JudithButlerNot: ‘… for example a girl may well feel like a boy, that can be something you agree on …’
This is not something you should agree on, or even pretend to agree on, particularly as it is not true.
There just is no such thing as feeling like a boy. And this ‘no such thing’ is particularly strong: ‘to feel like a boy’ looks like it makes sense, just as ‘to go east from the north pole’ looks like it makes sense. But when you look at it and think about it, its meaning evaporates.
‘I feel like a boy’ makes no sense because there is nothing that it is to feel like a boy, just the same as there is nothing that it is to point eastwards from the north pole. (Or, a famous example, the time it is on the sun …)
JudithButlerNot: ‘… its possible to be curious what that means to them .’ Again, this is mistaken. Be curious about what they think it means to them, by all means.

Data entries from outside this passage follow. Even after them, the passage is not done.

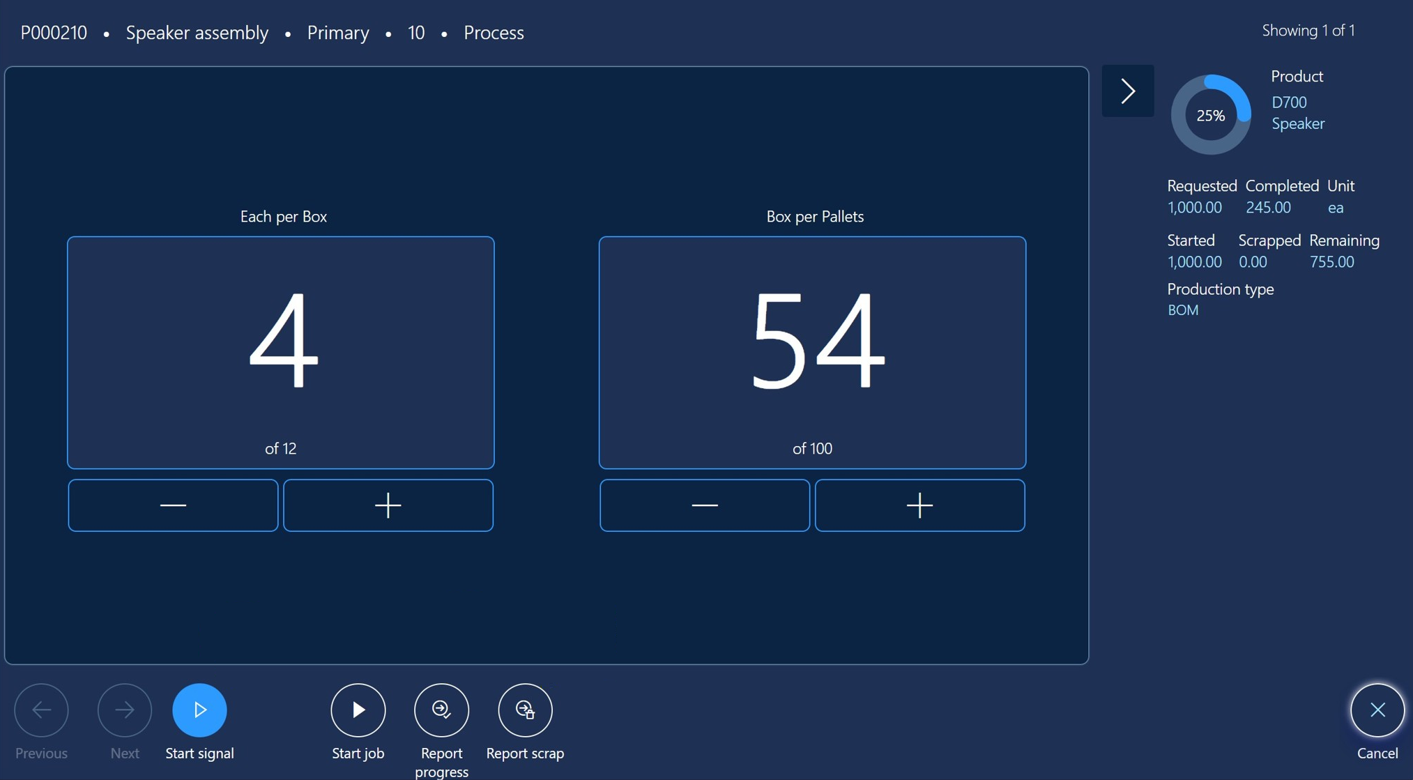 Jos työluettelossa on käytössä useita töitä tunnistimen ohjaamalle raportoinnille, käytä Näytä laskuri -valintaikkunan Edellinen- ja Seuraava-painikkeita vaihtaaksesi työpaikasta toiseen sulkematta valintaikkunaa.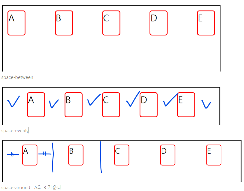 | space-evenly | 모든 여백이 균등하게 정렬 |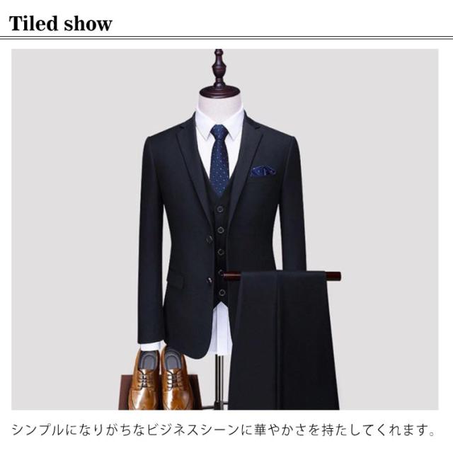 【送料無料】メンズスーツ スーツ 3点セット ベスト付き 2つボタン スリーピーススーツ スリムスーツ 春夏 秋冬 男性 ビジネス フォーマル 結婚式 面接 オシャレ セール SALE 小さめ 大きいサイズ S M L 2L 3L 4L 5L ブラック ネイビー グレー

This is to the point as there is no such thing as ‘what that means’ to them, even though they think there is.
Of course this is nuance, JudithButlerNot: we surely agree on the basics here. But it seems important to keep a grasp on how things actually are. I agree with you ‘The first thing is to find out …,’ but I would say, ‘The first thing is to find out what they think they mean.’
-- After all, the best outcome all round would be if the young person in question were to recognise the status of ‘I feel like a boy’ as what it is, prior to engaging therapeutically with whatever it was that made them try to assert such a thing. Ime young people can be helped to understand this, even if sometimes, as you say, it can be difficult for the immature mind to grasp.